Recent performance breakthroughs in artificial intelligence (AI) and machine learning (ML) have led to unprecedented interest among nuclear engineers. Despite the progress, the lack of dedicated benchmark exercises for the application of AI and ML techniques in nuclear engineering analyses limits their applicability and broader usage. In line with the NEA strategic target to contribute to building a solid scientific and technical basis for the development of future generation nuclear systems and deployment of innovations, the Task Force on Artificial Intelligence and Machine Learning for Scientific Computing in Nuclear Engineering was established within the Expert Group on Reactor Systems Multi-Physics (EGMUP) of the Nuclear Science Committee’s Working Party on Scientific Issues and Uncertainty Analysis of Reactor Systems (WPRS). The Task Force will focus on designing benchmark exercises that will target important AI and ML activities, and cover various computational domains of interest, from single physics to multi-scale and multi-physics.
A significant milestone has been reached with the successful launch of the first comprehensive benchmark of AI and ML to predict the Critical Heat Flux (CHF). This CHF corresponds in a boiling system to the limit beyond which wall heat transfer decreases significantly, which is often referred to as critical boiling transition, boiling crisis and (depending on operating conditions) departure from nucleate boiling (DNB), or dryout. In a heat transfer-controlled system, such as a nuclear reactor core, CHF can result in a significant wall temperature increase leading to accelerated wall oxidation, and potentially to fuel rod failure. While constituting an important design limit criterion for the safe operation of reactors, CHF is challenging to predict accurately due to the complexities of the local fluid flow and heat exchange dynamics.

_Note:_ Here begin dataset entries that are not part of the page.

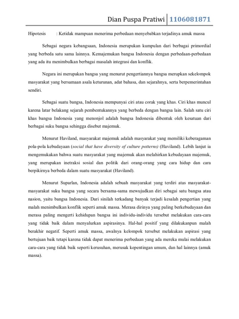 Indonesia merupakan negara majemuk yang terdiri atas beragam suku, adat, ras, budaya, dan agama.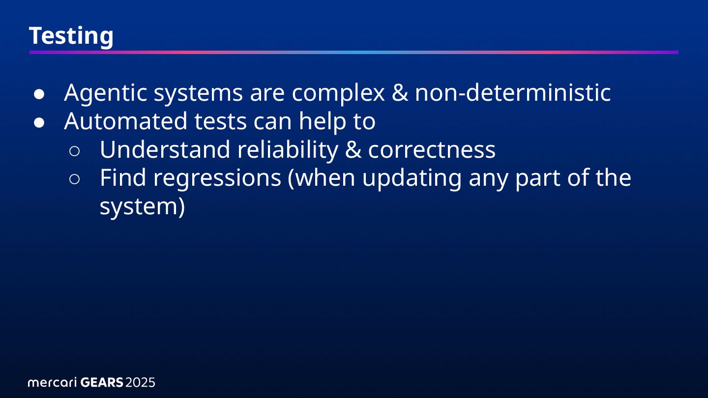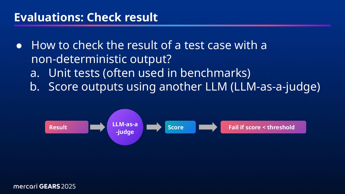 a test case with a non-deterministic output? a. Unit tests (often used in benchmarks) b. Score outputs using another LLM (LLM-as-a-judge) Result Score Fail if score < threshold LLM-as-a -judge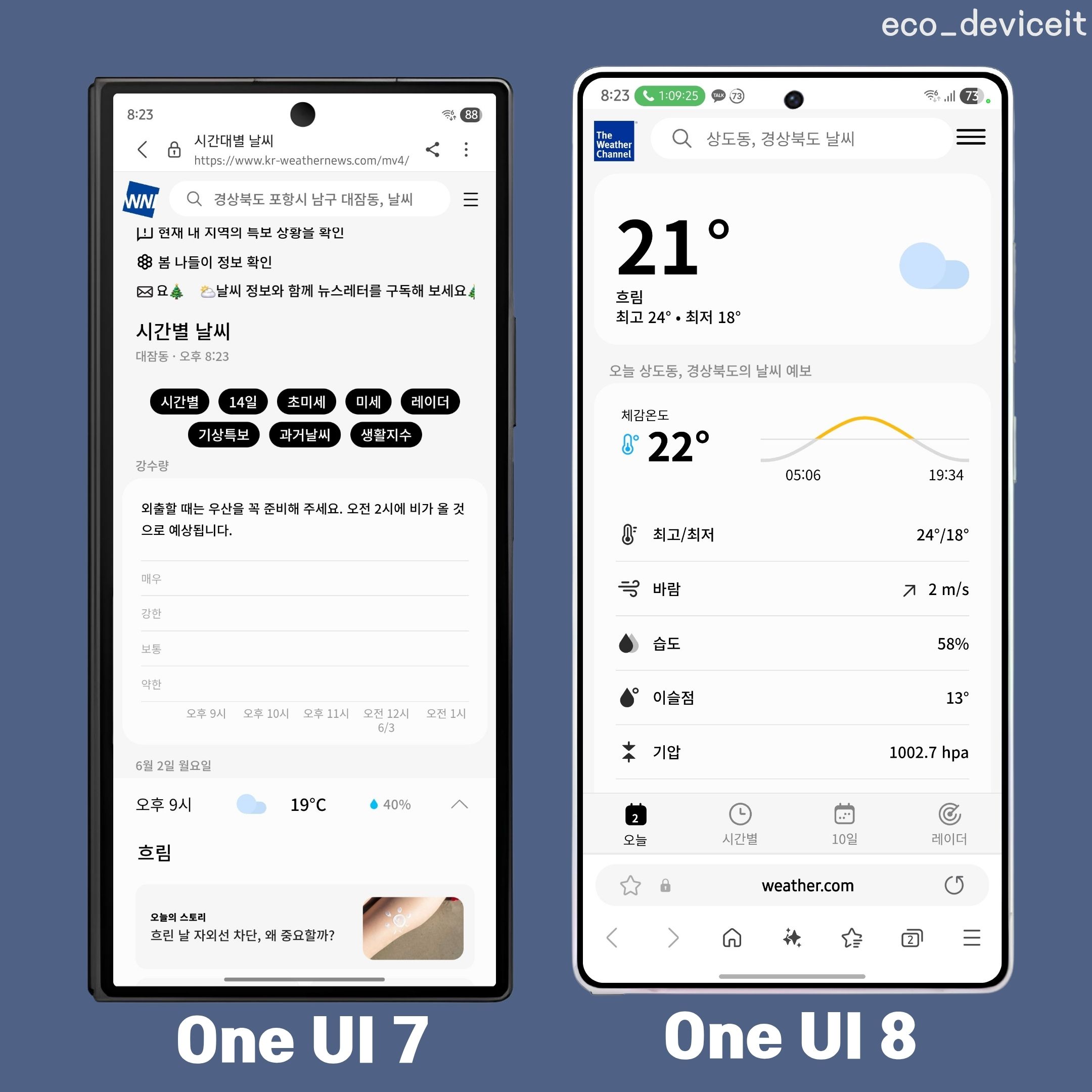 또한, One UI 8 날씨 앱의 데이터 제공사가 The Weather Channel로 변경되어 등록된 일부 지역명이 변경될 수 있습니다.
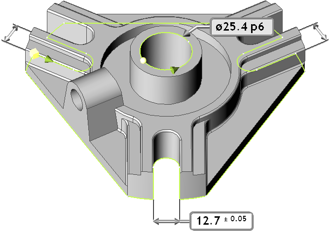 ![]() | One of the biggest problems for a CAM technician when he imports a CAD model, is that he is obliged to modify many geometries which are tolerance. The reason is that the CAD models are always designed respecting the nominal value of a tolerance! Let’s take a concrete example: the bore hole tolerance of the solid part on the right is 25.4P6. The lower tolerance is -0.031, the upper tolerance is -0.018. Consequently, the geometry drawn with the nominal value 25.4 is simply wrong! It is out of tolerance! With GO2cam, you can modify the dimension easily, and choose to machine it according to the lower, the upper or the average value! |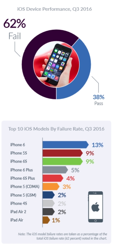 นอกจากนี้ยังมีการค้นพบด้วยว่า ในช่วงไตรมาสที่ผ่านมา iOS เกิดปัญหาด้านประสิทธิภาพการใช้งาน (Failure Rate) เพิ่มสูงขึ้นเป็น 62% โดยรุ่นที่พบปัญหาบ่อยสุดนั้นยังคงเป็นรุ่นเดิมที่ครองแชมป์เมื่อครั้งที่แล้วอย่าง iPhone 6 อย่างไรก็ดี Blancco Technology Group ระบุว่าครั้งนี้เป็นครั้งที่ 2 ที่อุปกรณ์ iOS มีค่าปัญหาประสิทธิภาพการทำงานที่มากกว่าระบบ Android โดยปัจจัยหลักที่ส่งผลนั้นยังคงเป็น iOS 10 ซึ่งสื่อต่างประเทศรวมทั้งบล็อกเกอร์หลายสำนักระบุว่า ทำให้ไอโฟนช้าลงโดยเฉพาะบน iPhone 6 และ iPhone 5s นอกจากนี้ The Guardian สื่อรายใหญ่จากต่างประเทศก็ได้ทำการเปิดเผยออกมาเช่นกันว่า การอัปเดต iOS 10 ทำให้อุปกรณ์ของผู้ใช้บางส่วนเกิดอาการ Brick หรือค้างและเปิดไม่ติดอีกด้วย ทำให้ต้อง restore ผ่านทาง iTune เพื่อแก้ไขอาการดังกล่าว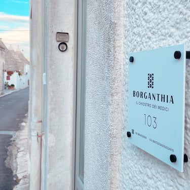 "A new concept of hospitality is born, BORGANTHIA - Il Chiostro dei Medici. Inspired by an idea of the founder, Il Chiostro dei Medici not only wishes to host you in its exclusive and independent Junior Suites but also, if you wish, to make you live an experience of unique sharing; in a context that smells of history and tradition with its stones and details finely brought to life. Adjacent to the Basilica Maggiore dei Ss. Medici and the Trullo Sovrano, in the Historic Residence you will find yourself immersed in a natural setting among olive trees and fruit trees, all in the heart of Alberobello; a combination difficult to find elsewhere. From here other Suites and Cummerse spread out into the main square.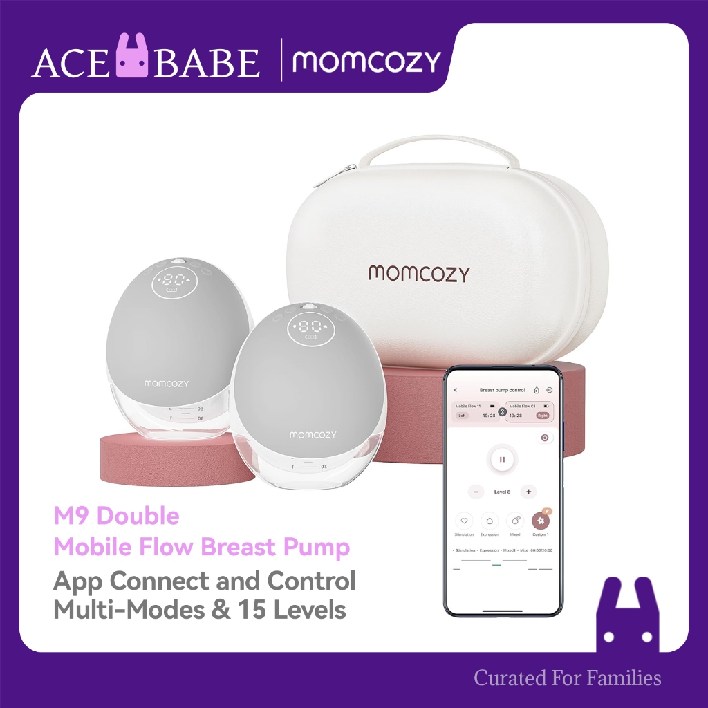 Momcozy M9 Double Wearable Breast Pump Mobile Flow App Control with Personalized, Multi-Modes & 15 Levels - 24mm, 2 Pack

Current CHF models are mainly based on empirical correlations developed and validated for a specific application case domain. Through this benchmark, improvements in the CHF modelling are sought using AI and ML methods directly leveraging a comprehensive experimental database provided by the US Nuclear Regulatory Commission (NRC), forming the cornerstone of this benchmark exercise. The improved modelling can lead to a better understanding of the safety margins and provide new opportunities for design or operational optimisations.
The CHF benchmark phase 1 kick-off meeting on 30 October 2023 gathered 78 participants, representing 48 institutions from 16 countries. This robust engagement underscores the profound interest and commitment within the global scientific community toward integrating AI and ML technologies into nuclear engineering. The ultimate goal of the Task Force is to leverage insights from the benchmarks and distill lessons learnt to provide guidelines for future AI and ML applications in scientific computing in nuclear engineering.